Abstract
Background
An emerging body of literature supports the role of individualized prognostic tools
to guide the management of patients after trauma. The aim of this study was to develop
advanced modeling tools from multidimensional data sources, including immunological
analytes and clinical and administrative data, to predict outcomes in trauma patients.
Methods
This was a prospective study of trauma patients at Level 1 centers from 2015 to 2019.

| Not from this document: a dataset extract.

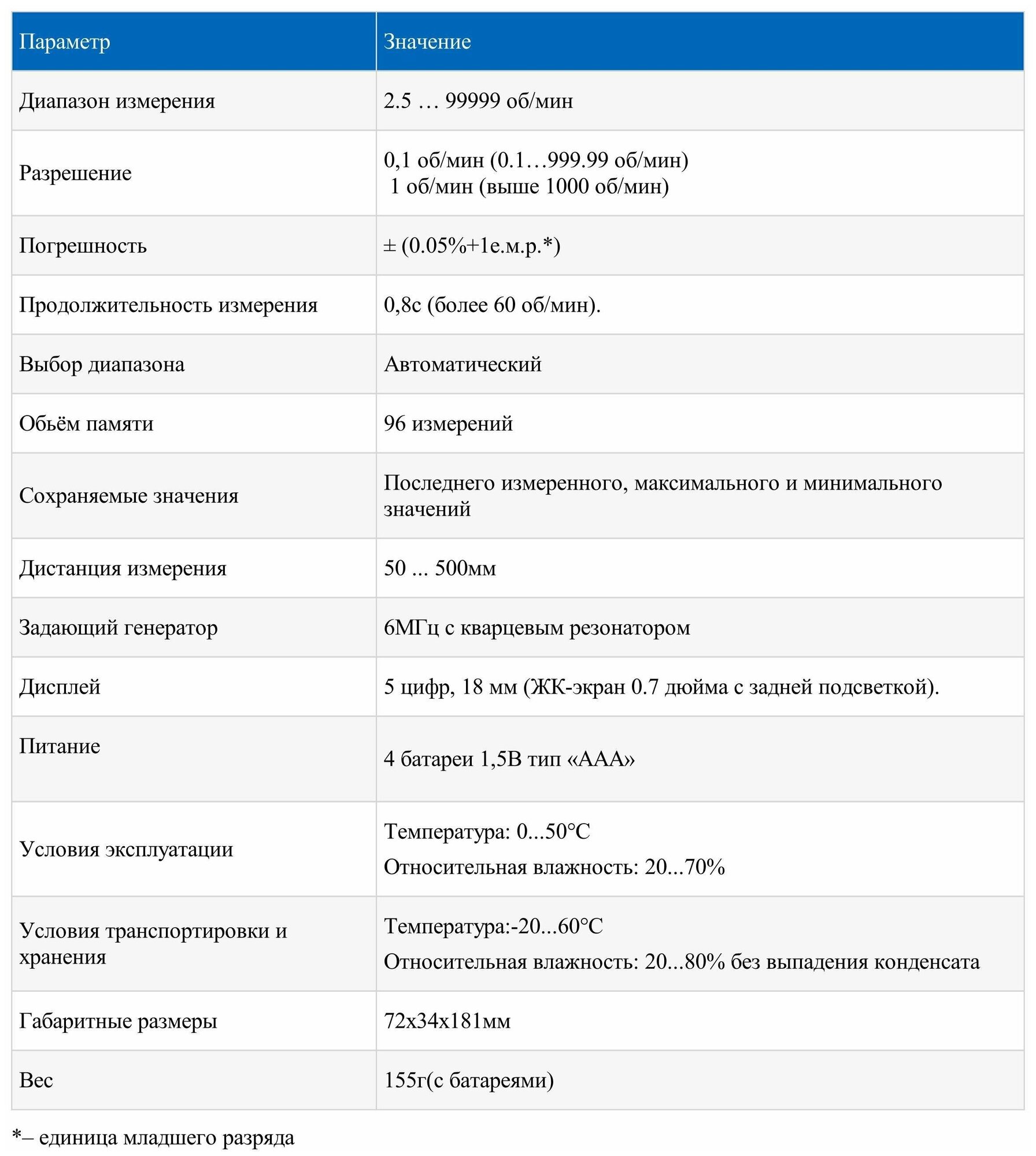 | Диапазон измерений частоты вращения | от 2.5 до 99999 |
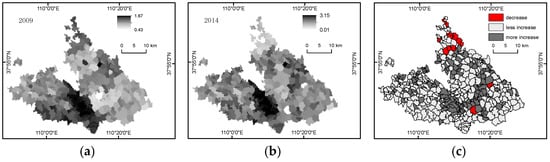 Figure 2a,b show that villages with a high landscape sustainability score were mainly concentrated in the middle of the study area. To show the spatial and temporal differentiation of landscape sustainability, ArcGIS 10.2 was used to calculate the change in landscape sustainability by subtracting the landscape sustainability score in 2014 from that in 2009 (Figure 2c). The landscape sustainability scores in 2014 were higher than those in 2009 for all but 11 villages (Figure 2c), and these 11 villages were mainly located in the northeast of the study area. With the natural breaks (Jenks) method, the villages with an increasing sustainability score were divided into two categories: those with a smaller increase and those with a larger increase. The villages with a larger increase were mainly distributed in the middle of the study area.

Clinical, flow cytometry, and serum cytokine data were collected within 48 hours of
admission. Sparse logistic regression models were developed, jointly selecting predictors
and estimating the risk of ventilator-associated pneumonia, acute kidney injury, complicated
disposition (death, rehabilitation, or nursing facility), and return to the operating
room. Model parameters (regularization controlling model sparsity) and performance
estimation were obtained via nested leave-one-out cross-validation.
Results
A total of 179 patients were included. The incidences of ventilator-associated pneumonia,
acute kidney injury, complicated disposition, and return to the operating room were
17.7%, 28.8%, 22.5%, and 12.3%, respectively. Regarding extensive resource use, 30.7%
of patients had prolonged intensive care unit stay, 73.2% had prolonged length of
stay, and 23.5% had need for prolonged ventilatory support. The models were developed
and cross-validated for ventilator-associated pneumonia, acute kidney injury, complicated
dispositions, and return to the operating room, yielding predictive areas under the
curve from 0.70 to 0.91. Each model derived its optimal predictive value by combining
clinical, administrative, and immunological analyte data.
Conclusion
Clinical, immunological, and administrative data can be combined to predict post-traumatic
outcomes and resource use. Multidimensional machine learning modeling can identify
trauma patients with complicated clinical trajectories and high resource needs.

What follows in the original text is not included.